What annoys me is that I don't see any net work done (work done by gravity add up to 0 here right ?), or radiation, or heat, or so. What is the "agent" by which energy has been transferred ?

Gravity. The work done by gravity on the slingshotted object is non-zero.

 

[DoobleD]

Thanks guys for answering.

Gravity. The work done by gravity on the slingshotted object is non-zero.

Ah? Hm, okay, let's try this :

If the net work done by gravity on the probe is non zero, that means that the work done on the probe during the approach (positive work) must be superior to the magnitude of the work done during the recession (negative work). The only way this can happen is if the distance traveled by the probe during recession is smaller than the distance traveled during the approach...

And this might make sense ! Let's draw a line mark where the probe starts. When the probe is back at the mark after it's journey, Saturn is closer than it was when the probe started the journey. Because Saturn has a velocity in the direction of the mark, during the whole journey. Thus, the distance between the probe and Saturn after the recession part is actually smaller than the distance between them before the approach. Thus, the work done during the recession part is lower.

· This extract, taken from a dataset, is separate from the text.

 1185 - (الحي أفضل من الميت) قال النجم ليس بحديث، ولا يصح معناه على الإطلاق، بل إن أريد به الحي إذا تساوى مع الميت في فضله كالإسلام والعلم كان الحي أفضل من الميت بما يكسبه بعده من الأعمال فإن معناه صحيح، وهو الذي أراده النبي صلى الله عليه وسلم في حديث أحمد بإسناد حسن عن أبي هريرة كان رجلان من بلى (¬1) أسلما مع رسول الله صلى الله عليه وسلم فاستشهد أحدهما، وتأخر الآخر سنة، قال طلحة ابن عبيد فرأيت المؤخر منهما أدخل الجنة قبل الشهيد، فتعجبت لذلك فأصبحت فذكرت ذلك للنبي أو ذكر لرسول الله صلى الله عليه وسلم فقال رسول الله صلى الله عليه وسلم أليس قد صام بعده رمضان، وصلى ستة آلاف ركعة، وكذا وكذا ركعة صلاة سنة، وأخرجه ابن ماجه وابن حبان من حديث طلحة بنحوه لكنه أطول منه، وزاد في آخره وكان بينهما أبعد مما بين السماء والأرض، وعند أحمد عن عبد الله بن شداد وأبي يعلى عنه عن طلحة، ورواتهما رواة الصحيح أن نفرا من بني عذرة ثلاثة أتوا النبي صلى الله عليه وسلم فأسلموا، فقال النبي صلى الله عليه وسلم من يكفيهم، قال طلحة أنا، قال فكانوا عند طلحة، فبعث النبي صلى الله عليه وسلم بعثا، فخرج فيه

Is that a correct understanding ?

 

[jbriggs444]

If the net work done by gravity on the probe is non zero, that means that the work done on the probe during the approach (positive work) must be superior to the magnitude of the work done during the recession (negative work). The only way this can happen is if the distance traveled by the probe during recession is smaller than the distance traveled during the approach...

Yes.

And this might make sense ! Let's draw a line mark where the probe starts. When the probe is back at the mark after it's journey, Saturn is closer than it was when the probe started the journey. Because Saturn has a velocity in the direction of the mark, during the whole journey. Thus, the distance between the probe and Saturn after the recession part is actually smaller than the distance between them before the approach. Thus, the work done during the recession part is lower.

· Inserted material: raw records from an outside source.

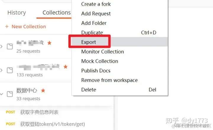 1.在postman上选中项目,右键,选中 Export 按钮导出项目。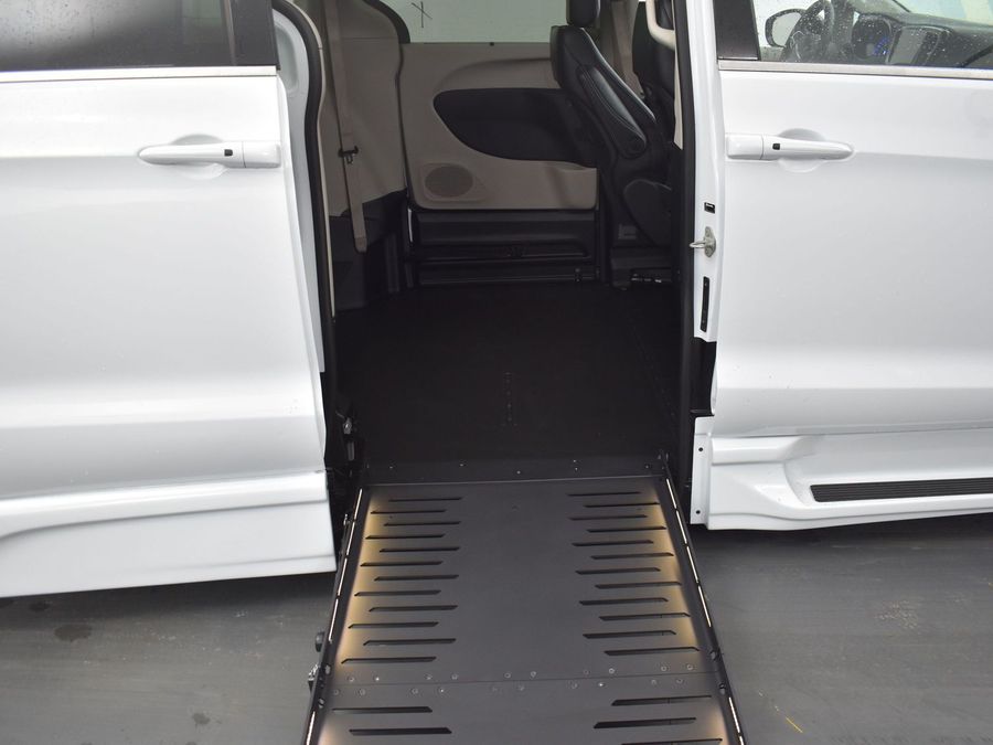 Wheelchair accessible conversion for ingress/egress with maximum door opening and interior head height. Modification includes: Lowered floor from front firewall to rear bench, power side entry bi-fold ramp, rear passenger kneeling system, remote access.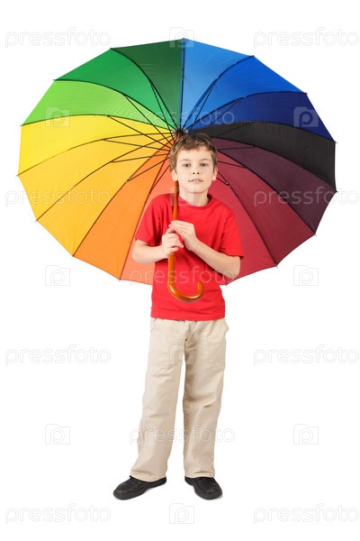 Мальчик в красной футболке с большим разноцветным зонтиком на белом фоне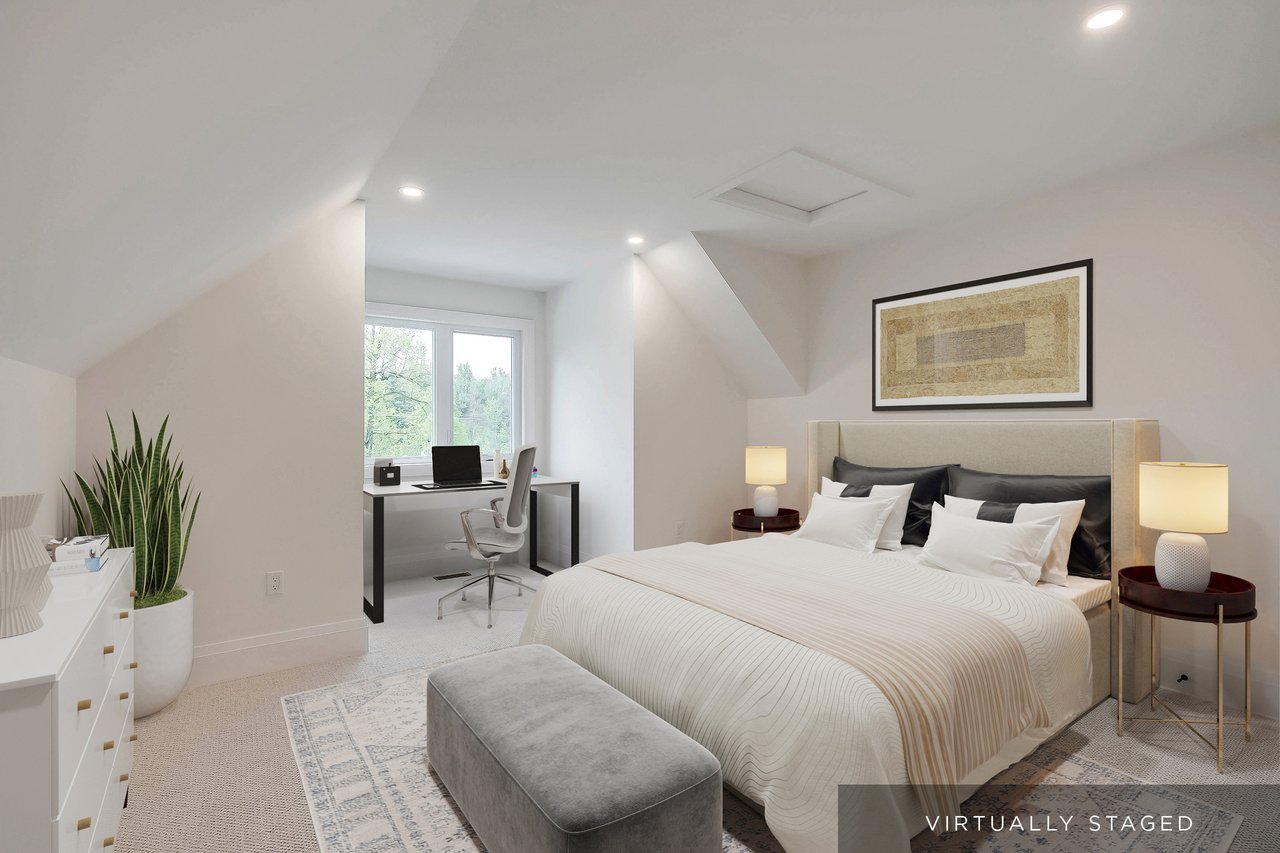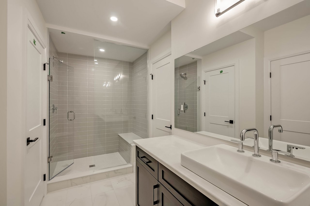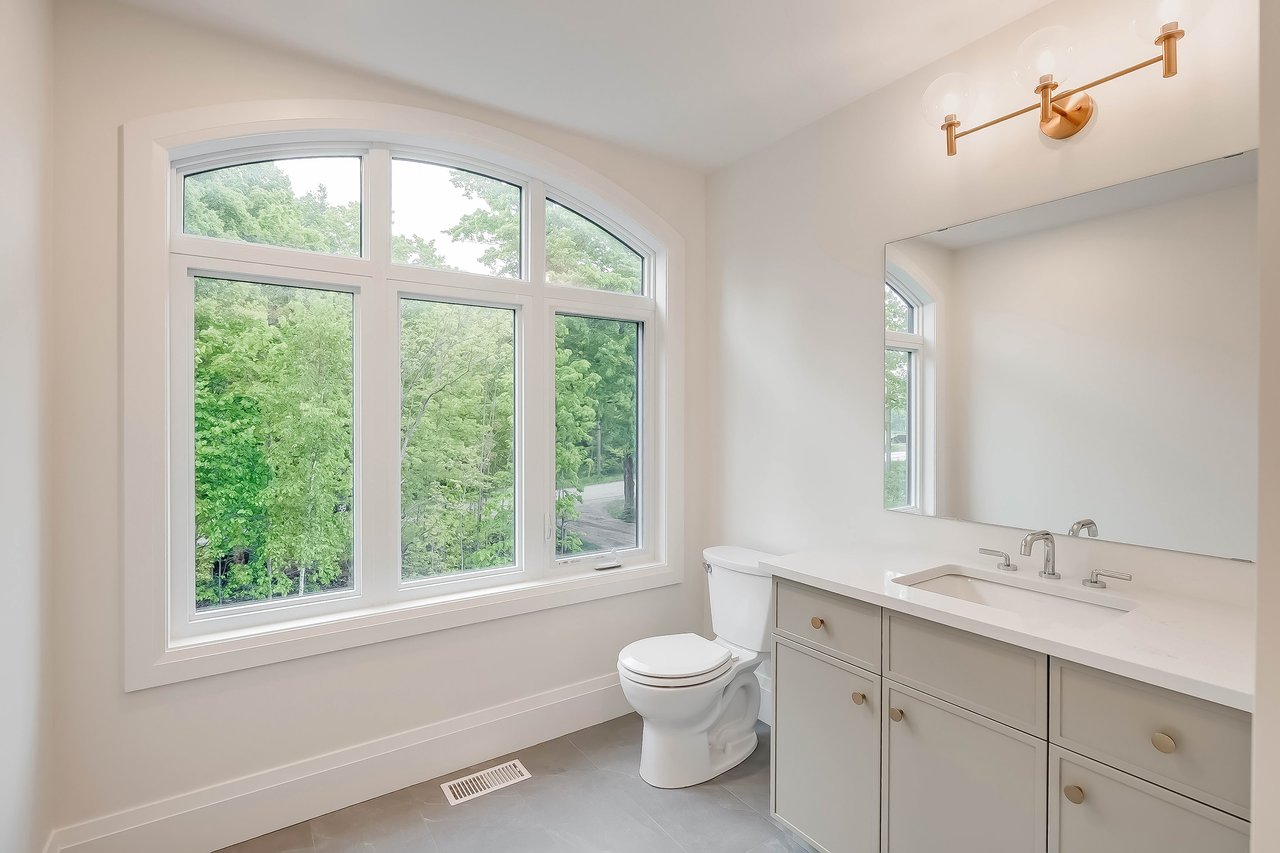With double door entry, impressive vaulted ceiling + expansive glazing, the primary bedroom is bright + spacious. With a generous walk-in closet and luxurious ensuite with a deep soaker tub, oversized glass shower + water closet, this is a serene place to unwind after a long day. Two additional bedrooms are generously sized with ample storage, extensive glazing + each enjoy private ensuites. Convenient laundry rounds out this level. The lower level offers a finished space with fourth bedroom with walk-in + luxurious ensuite. The remainder is unspoiled with ample windows, additional 2-piece rough-in + high ceilings.

I am not sure I understand this accounting scheme. You are measuring work done along a trajectory from a fixed point to the interaction with Saturn and back to the starting point. But the end of that trajectory is deeper in Saturn's gravitational well than the start. It's apples and oranges.

I prefer to model it more simply. Think of it as a baseball and a bat in an elastic collision. In a frame of reference in which a leftward-moving bat is moving toward a rightward moving ball the bat slows down and the rebounding ball has a net increase in speed. The leftward force of the bat place is applied over a non-negligible leftward displacement. Hence the increase in ball energy.

The interaction with Saturn (measured from some fixed distance away from Saturn and back to the same fixed distance away from Saturn) is a net leftward force applied over a net leftward displacement. Hence the net transfer of energy.

Switch to a different reference frame and the same interaction can be energy neutral or can drain energy (reverse slingshot).

 

[DoobleD]

The baseball and bat analogy is explicit. But in that case it's easier (for me) to see the actual work done, than it is for the slingshot case. Probably because in the baseball case, there is a an obvious force in only one direction applied for a distance. Initially for the slingshot case I thought the net work done by gravity was 0. That was the source of my confusion.

If the distance (relative to Saturn) on the return path is indeed shorter than on the approach path, then I have the answer I was looking for.

But the end of that trajectory is deeper in Saturn's gravitational well than the start. It's apples and oranges.

Well, if the relative distance between the probe and Saturn is shorter on the return path, then yes at the end the probe is a little deeper in Saturn's field than it was before approach, but why is this wrong ? That would be the reason why the work done on the return path is a little lower, because it misses a little work from the "deeper in field" position to the initial distance away from the field it had before the start. A very tiny amount of work missing.

 

[jbriggs444]

If the distance (relative to Saturn) on the return path is indeed shorter than on the approach path, then I have the answer I was looking for.

If you are measuring everything relative to Saturn then the slingshot will not provide any energy! The energy you gain by not moving as far is precisely the kinetic energy you get from being lower in the potential well. You have an explanation -- but you have nothing to explain in that reference frame.

 

[DoobleD]

If you are measuring everything relative to Saturn then the slingshot will not provide any energy!

If I approximate the whole system's center of mass as Saturn's center, and do the maths from there, the kinetic energy of the probe doesn't change indeed. But this is only a (very good) approximation right ?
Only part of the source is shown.